It's nearly time to start the french hood for the A.B. gown, and this meant a trip to my local fabric store for some trim at lunch today, an act I always delight in. I found my way to the notions and selected two: one a gold braid, the other a thin gold piping. Well, much to my joy, the latter was on sale for a whopping twenty cents a yard. Are you kidding me? Twenty cents? Sweet Jesus! I upped my yardage from three to five at the last minute. Hey, hey big spenda'!
This is where things get iffy. Apparently, somebody at the store made a mistake because that particular cord was discontinued and should have been thrown away. Yes, I'll repeat. Thrown. Away. The entire, FULL spool of trim should have gone to the trash, and now she didn't know how to ring me up.
I would have blamed it all on shotty hearing had I not just had a conversation with my aunt on Sunday where she recalled the tales of her employment at a fabric store that went out of business.
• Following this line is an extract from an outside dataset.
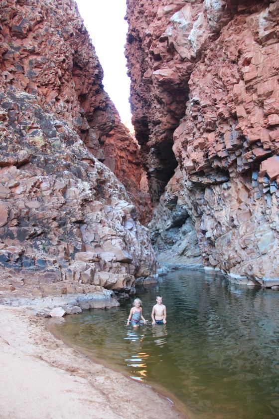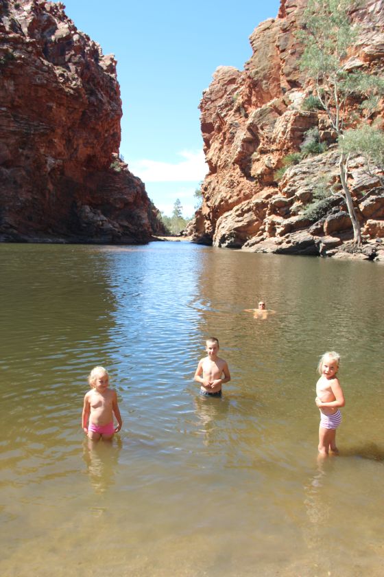Happy new year to everyone!!!Report No 3After exploring the East Macdonnell Range, we drove through Alice Springs to fill up petrol, do another big shopping and to put our 2nd report online. In this area the petrol is called 'Opal petrol' and can't be used for sniffing as it is odourless - apparently a big problem with the Aboriginals. Another problem is the alcohol. One is not allowed to drink alcohol in public areas and bottle shops only open after 2pm. After a few hours in Alice we headed to the West Macdonnell Range NP and made our first stop at Ellery Creek Waterhole. It was the first permanent waterhole and we all enjoyed a lovely swim. Who would expect a swim in the middle of the desert?

What did they do with all those glorious things? All the patterns? Legally, they had to throw them in the dumpster. That's not to say employees didn't leave work only to return and do some dumpster diving, but still.
In whose mind is it okay to just discard perfectly good, beautiful items? Who made this policy? Is there somebody out there in the textile/sewing business that would care to explain this to me because I'm fairly disgusted right now. This is what is wrong with the world. It's wasteful. It's gross.
I should have bought the whole damn spool.